_Data supplied:_
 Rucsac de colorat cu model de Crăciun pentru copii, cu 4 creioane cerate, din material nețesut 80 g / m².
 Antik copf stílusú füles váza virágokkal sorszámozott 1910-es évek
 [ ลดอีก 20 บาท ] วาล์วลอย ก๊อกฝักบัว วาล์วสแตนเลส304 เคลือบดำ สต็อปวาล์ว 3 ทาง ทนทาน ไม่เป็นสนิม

==

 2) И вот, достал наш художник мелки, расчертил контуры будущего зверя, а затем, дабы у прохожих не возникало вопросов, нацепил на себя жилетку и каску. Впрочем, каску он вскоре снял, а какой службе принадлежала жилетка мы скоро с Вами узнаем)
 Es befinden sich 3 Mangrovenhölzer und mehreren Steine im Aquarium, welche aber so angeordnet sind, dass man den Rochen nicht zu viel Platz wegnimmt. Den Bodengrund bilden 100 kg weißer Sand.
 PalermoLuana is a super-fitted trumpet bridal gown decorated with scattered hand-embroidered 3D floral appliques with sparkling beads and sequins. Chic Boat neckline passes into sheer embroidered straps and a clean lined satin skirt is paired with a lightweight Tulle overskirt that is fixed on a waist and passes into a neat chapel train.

_Task directions:_
Would you please write out, exactly and with no other lines, the stretch of the listing above from the line containing "Rucsac de colorat" through the line containing "[ ลดอีก 20 บาท"?

_Worked solution:_
 Rucsac de colorat cu model de Crăciun pentru copii, cu 4 creioane cerate, din material nețesut 80 g / m².
 Antik copf stílusú füles váza virágokkal sorszámozott 1910-es évek
 [ ลดอีก 20 บาท ] วาล์วลอย ก๊อกฝักบัว วาล์วสแตนเลส304 เคลือบดำ สต็อปวาล์ว 3 ทาง ทนทาน ไม่เป็นสนิม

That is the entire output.